United Water Services Milwaukee, LLC,

and United Water Resources, Inc., 

 

                        Defendants-Respondents. 

 

 

 

            APPEAL from a judgment of the circuit court for Milwaukee County:  Thomas P. Donegan, Judge.  Reversed and cause remanded with directions. 

            Before Wedemeyer, P.J., Fine and Curley, JJ.

            1            PER CURIAM.    James C. Thomson appeals from the grant of summary judgment awarded to United Water Services Milwaukee, LLC, and United Water Resources, Inc. (collectively, UW), dismissing his breach of contract action.  Thomson contends that the circuit court erred in granting summary judgment where genuine issues of material fact remained in dispute and in denying his motion to compel discovery.  Thomson claims that material issues of fact exist as to whether:  (1) he was either a party or third‑party beneficiary to a contract between Milwaukee Metropolitan Sewerage District (MMSD) and UW; (2) he was laid off in violation of the contract; and (3) he was dismissed from his employment as part of an overall workforce downsizing.  We conclude that the circuit court prematurely granted summary judgment because discovery was necessary to determine whether UW laid off Thomson in violation of the contract.  Further, the trial court should have granted Thomson’s motion to compel discovery to permit Thomson an opportunity to prove his contentions.

I. Background.

            2            On May 21, 1990, Thomson was hired by MMSD.  In 1998, part of MMSD’s business was privatized when United Water Services Milwaukee, LLC, a subsidiary of United Water Resources, Inc., took over certain MMSD operations.  The transfer of operations was governed by a number of contractual agreements.

            3            One of the contracts MMSD entered into with UW required UW to agree to continue the employment of non-represented employees.  Specifically, the contract stated that UW would not “layoff” former MMSD employees for a ten-year period from the commencement of business operations. 

            4            Slightly more than a year later, on February 10, 1999, UW offered early retirement to Thomson.  He declined to accept and was subsequently offered early retirement again in July of 1999 and March of 2000.  Finally, UW terminated Thomson on March 29, 2000.  Thomson then commenced the present breach of contract action on April 12, 2000.

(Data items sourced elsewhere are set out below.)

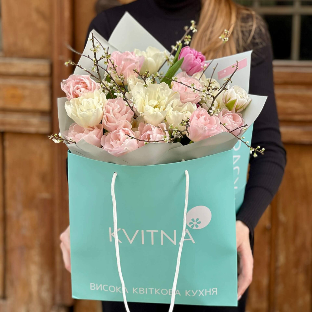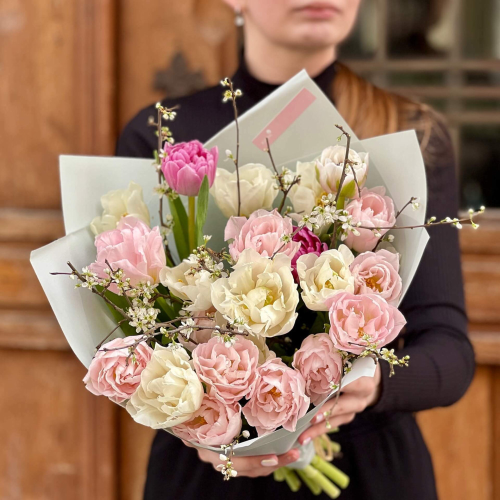 - Як замовити Ніжний букет із піоновидних тюльпанів і квітучих гілочок «Японська весна»? ❯
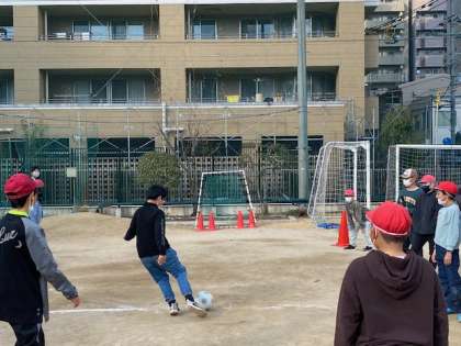 放課後、運動委員会主催のスポーツ大会が行われました。今回はPK合戦です。低学年・中学年・高学年のブロックに分かれて事前にエントリーしたチームで競います。
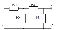 3. Для зображеного на рис. 4.10 чотириполюсника знайти опір з боку: а) затисків 1-1¢ (вхідний опір), якщо затиски 2-2¢ розімкнуті або замкнуті; б) затисків 2-2’ (вихідний опір), якщо затиски 1-1’ розімкнуті або замкнуті. Значення параметрів елементів: R 1= (5.0 + 0.1× n) кОм, R 2= (10 + 0.1× n) кОм, R 3= R 4= (20 + 0.1× n) кОм.
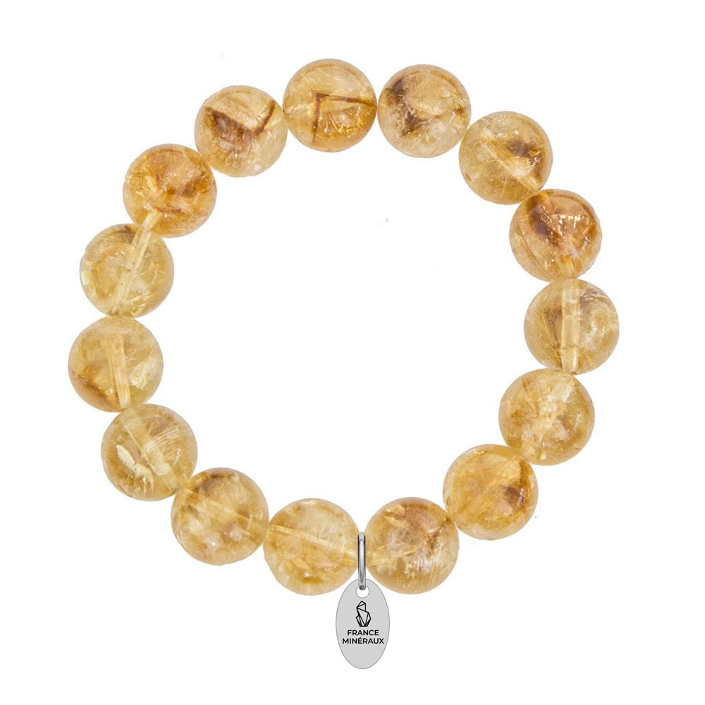 Le bracelet citrine en pierres boules de 12mm se démarque par l’étonnante couleur de ce quartz, dont le nom provient du latin citrus, qui veut dire citron en français. Sa faible teneur en oxyde de fer confère à cette pierre très rare son chaleureux coloris jaune et ses nombreuses nuances dorées. Comme pour l’ensemble de ses produits, France Mineraux a apporté le plus grand soin à la confection de ce bracelet citrine 12mm, entièrement réalisé à la main. Les pierres le composant on été minutieusement choisies pour leur pureté et leurs grandes vertus énergétiques.
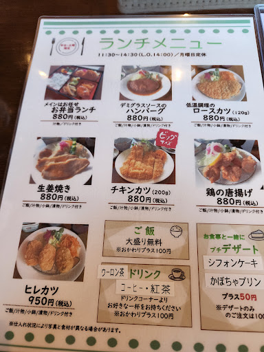ランチで伺いました。 店内は天井が高いウッドハウスで、お座敷もあり、広々としていました。窓を開けていて、座席の間隔もとっており、テーブルにクリアな仕切りも置いてあるので、感染予防の対策がしっかりされていると思いました。 料理の方は、値段以上な感じがします。 お弁当は品数が多く、食べ応えがあります。コーヒー(食事を頼むと一杯セルフサービス)とサービスデザート(この日はプリン)にお腹一杯になりました。 残念だったのは、入り口に灰皿があるので(店内は禁煙)風向きで開けてある窓からにおいが入ってきてしまっこと。 それから、お店の方が従業員の方のミスを叱っているのを聞こえてしまったこと。 (従業員を叱るならお客さんがいないときにしていただければと思います。) 食事は美味しいので、是非...

            5            After filing his lawsuit, Thomson served the defendants with written interrogatories and document requests.  Specifically, Thomson requested all information related to UW’s optimum staffing considerations, employee attrition schedule and staff reduction expectations.  The defendants refused to produce the requested documents claiming they were irrelevant to the contract dispute.  Thomson filed a motion to compel discovery while UW moved for summary judgment.  The circuit court denied Thomson’s motion to compel discovery and granted UW’s motion for summary judgment.

II.  Analysis.

            6            This appeal involves issues decided pursuant to summary judgment as well as the circuit court’s decision to deny Thomson’s motion to compel discovery.  Our review of the circuit court’s decision to grant summary judgment is de novo.  Green Spring Farms v. Kersten, 136 Wis. 2d 304, 315-16, 401 N.W.2d 816 (1987).  However, a decision to grant or deny a motion to compel discovery is within the trial court’s discretion.  Franzen v. Children’s Hosp., 169 Wis. 2d 366, 376, 485 N.W.2d 603 (Ct. App. 1992).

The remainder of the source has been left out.